BASF–Exxon methane pyrolysis push

Exxon and BASF recently signed a joint development agreement to advance methane pyrolysis technology, with a demonstration plant in Germany designed to produce low‑emission hydrogen from natural gas. [9]

The idea:

  • Split methane into hydrogen and solid carbon, rather than emitting CO₂.
  • Use that hydrogen for industrial processes and potentially low‑carbon fuels.

From an equity angle, this matters less for 2026 earnings and more for the long‑term narrative: it’s one of the more tangible ways Exxon is trying to stay relevant in a decarbonizing world without abandoning its gas footprint.

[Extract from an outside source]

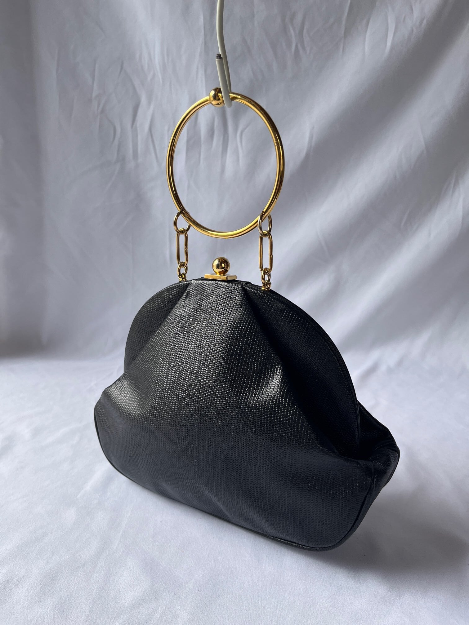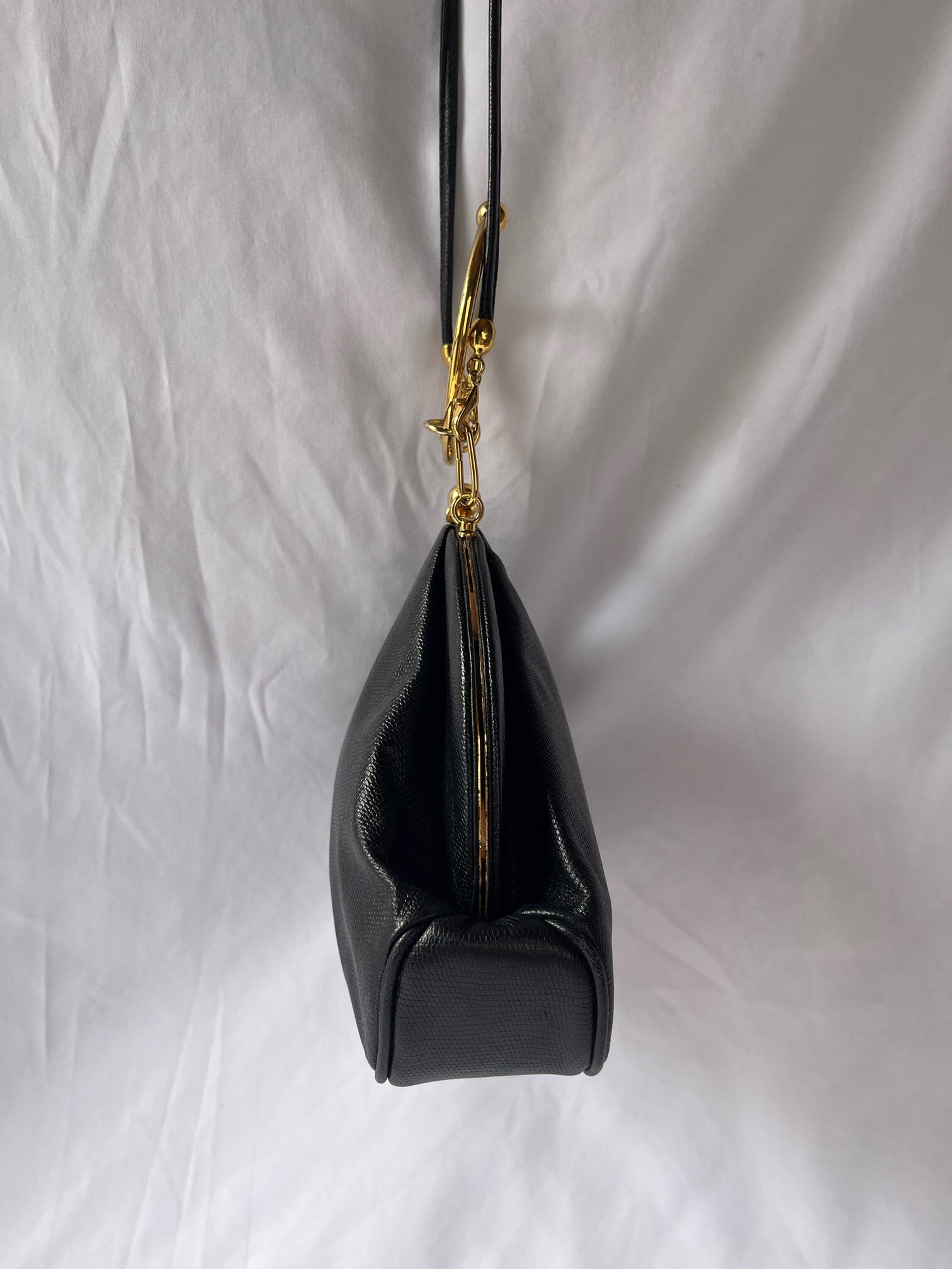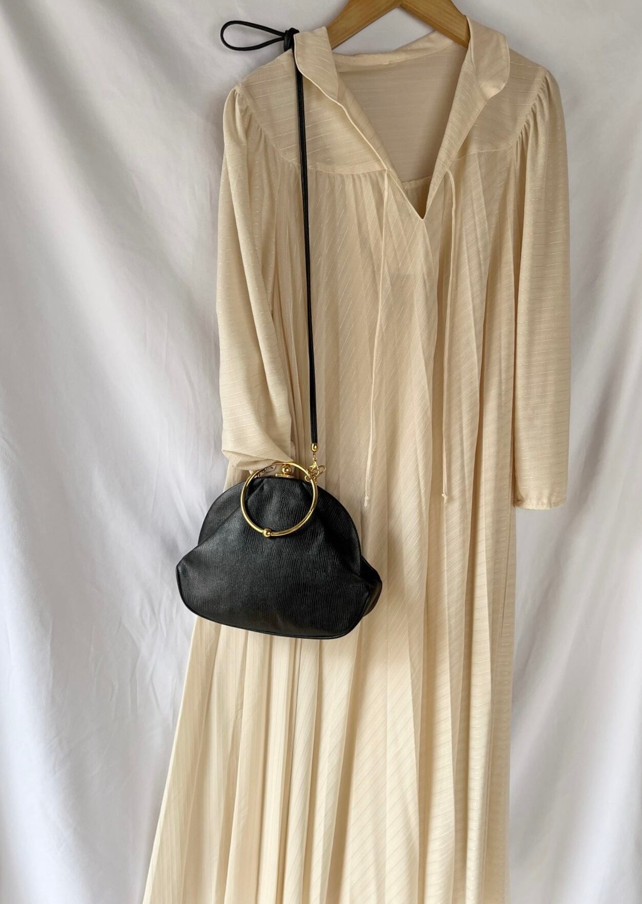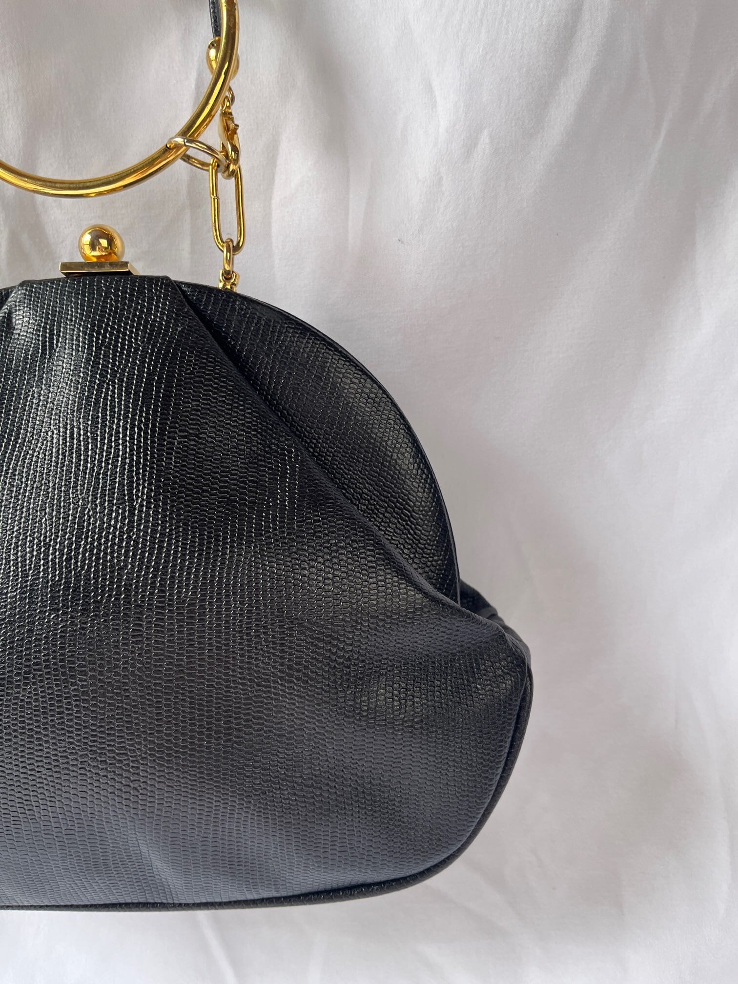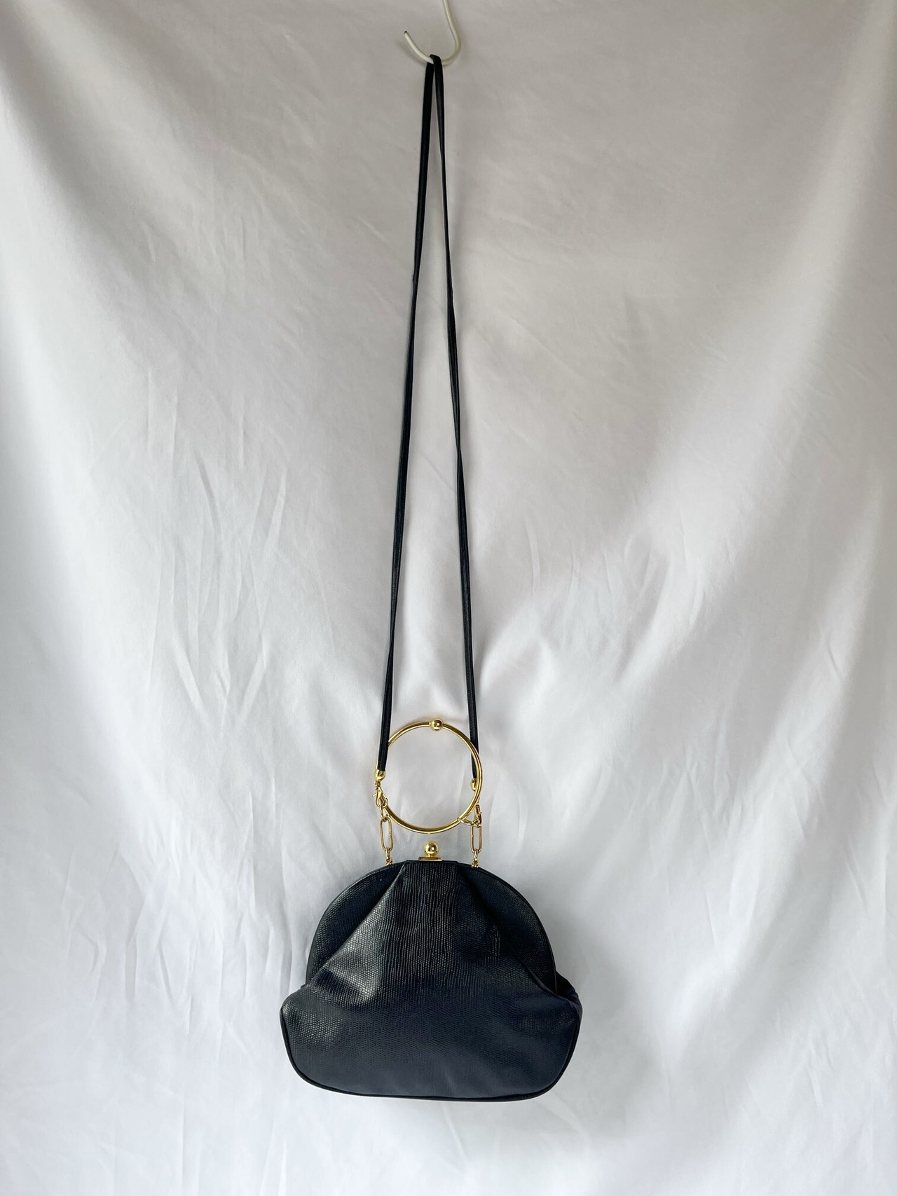 ゴールドのメタルバンドルと細めのレザーストラップで、ハンドとショルダーの2wayで楽しめる逸品。

40% stake in the Bahia NGL pipeline

On the “old‑school hydrocarbons” side of the ledger, Exxon is deepening its footprint in U.S. natural gas liquids (NGLs):

  • Enterprise Products Partners confirmed that Exxon will buy a 40% stake in the Bahia NGL pipeline, reimbursing about $650 million for its share of project costs so far. [10]
  • Bahia will initially move 600,000 barrels per day of NGLs from the Midland and Delaware basins to Mont Belvieu, Texas, and is expected to be expanded to 1 million barrels per day capacity via additional pumps and a 92‑mile extension to Exxon’s Cowboy gas processing plant in New Mexico. [11]

This is classic Exxon: lock in midstream infrastructure for a basin (the Permian) where it already has scale, which can support both production growth and more stable cash flows across commodity cycles.


Today’s Headline 2: Exit From Esso France Refining and Chemicals

Another key development hitting the tape this weekend is the completed sale of French downstream assets:

  • North Atlantic France SAS has closed its acquisition of an 82.89% controlling interest in Esso Société Anonyme Française (Esso S.A.F.) and 100% of ExxonMobil Chemical France SAS from ExxonMobil France Holding. [12]
  • The deal values Exxon’s Esso S.A.F. stake at €26.19 per share, with a mandatory tender offer at €28.93 per share for remaining shareholders. [13]
  • Esso S.A.F. is being renamed North Atlantic Energies. [14]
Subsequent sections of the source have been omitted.